La serie de ciencia ficción Dark no tenía los mejores chances en la carrera de convertirse en un fenómeno de consumo masivo: una trama compleja de viajes en el tiempo, lengua original alemana y no contaba con la maquinaria que hay detrás de las producciones de Hollywood. Y con todo, la historia de Netflix logró capturar la atención de buena parte de la audiencia hasta su desenlace.
Netflix y la pandemia
Netflix es una de las pocas empresas dedicadas a la producción audiovisual que, por ahora, no sufre las secuelas de la pandemia por la Covid-19, con contenido en proceso para ser liberado en los próximos meses. “Nuestra lista de series y películas para 2020 está en su mayoría rodada, y está en postproducción a distancia en lugares de todo el mundo (...) En realidad estamos muy metidos en nuestro catálogo de 2021”, dijo Ted Sarandos, jefe de contenidos de Netflix a la AFP.
Hablamos de una historia que desde su estreno en 2017 exige toda la atención del espectador, para poder seguir su entramado relato y las parajodas que acompañan las distintas épocas causadas por los saltos adelante y atrás en el tiempo de sus personajes.
Difícil de digerir, decíamos, más en un mercado audiovisual saturado de contenidos con enfoques más comerciales o comedidos, como Stranger Things, The Walking Dead o La casa de papel.
Dark se desarrolla en un pueblo ficticio de Alemania, Winden, en donde las investigaciones por la desaparición de varios niños empiezan a desvelar un misterio a través de un laberinto de viajes en el tiempo, afectando principalmente a cuatro familias del lugar, en cinco periodos distribuidos en los siglos XIX y XX.

Influencias
Los cineastas Baran bo Odar y Jantje Friese, creadores de Dark, se basaron principalmente en los estudios sobre la relatividad de Albert Einstein y en el libro La máquina del tiempo (1895) del escritor británico Herbert George Wells, para dar forma a su propuesta.

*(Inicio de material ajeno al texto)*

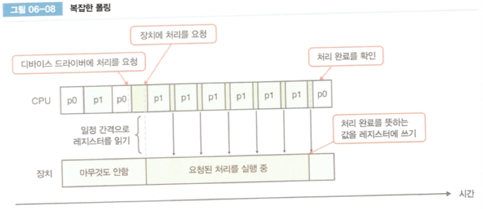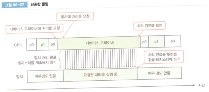 ๋๋ฐ์ด์ค ๋๋ผ์ด๋ฒ๊ฐ ์ฅ์น์ ์ฒ๋ฆฌ๋ฅผ ์์ฒญํ๊ณ ์ฒ๋ฆฌ ์๋ฃํ ๋๊น์ง ํ์ธ์ฉ ๋ ์ง์คํฐ๋ฅผ ๊ณ์ ํ์ธํ๊ธฐ ๋๋ฌธ์ CPU๋ ๋ค๋ฅธ ์ผ์ ํ ์ ์๋ค

De allí el cuidado por los detalles para que la historia se sienta real.
Ya por el lado del uso de cámaras y estilos cinematográficos, Baran bo Odar y Jantje Friese explicaron en www.hipertextual.com que “en Dark hay referencias a muchos autores, como [Martin] Scorsese o directores de la década de los 50. En cuanto a David Lynch, más que su trabajo en general, nos inspiró su trabajo en Twin Peaks, que amamos mucho. También somos grandes admiradores de David Fincher, a quien consideramos un autor efectivo e inteligente. Y otra inspiración fue absolutamente Lost”.

La crítica
Basados en las dos anteriores temporadas (la tercera y última recién fue liberada este fin de semana), los críticos de contenidos televisivos no hacen más que reconocer las sensaciones encontradas que genera Dark, siempre con un balance positivo.
“Es rara y retorcida de manera desafiante y más adictiva que nunca (...) Ofrece un cóctel existencial en el que pocas series se atreven a entrar. Es una inversión gratificante en el tiempo, dedicado a desenredar los árboles genealógicos y los plazos. También es un experimento intrigante sobre cómo los eventos en bucle y los temas del determinismo pueden jugar en el crecimiento y la evolución”, apuntó Hanh Nguyen, de IndieWire.

David Griffin, de IGN, señaló que “Baran bo Odar y Jantje Friese recompensan tu paciencia con algunos momentos verdaderamente sorprendentes (...) Un tejido compacto de historias interesantes y actuaciones memorables”.
Juan Luis Caviaro, de Espinof, lo resumió así: “Dark llegó a Netflix como una aparente alternativa adulta a Stranger Things, una historia fantástica sobre un pequeño pueblo tranquilo donde la desaparición de unos niños sirve de punto de partida para plantear toda clase de misterios y situaciones extrañas. Pronto se descubrió que esta serie alemana tiene pocas similitudes reales con la estadounidense. Ahí radica parte de su gancho; al igual que en otras propuestas internacionales de género (...) se plantea otra mirada y otra forma de hacer las cosas diferentes a las de producciones norteamericanas”.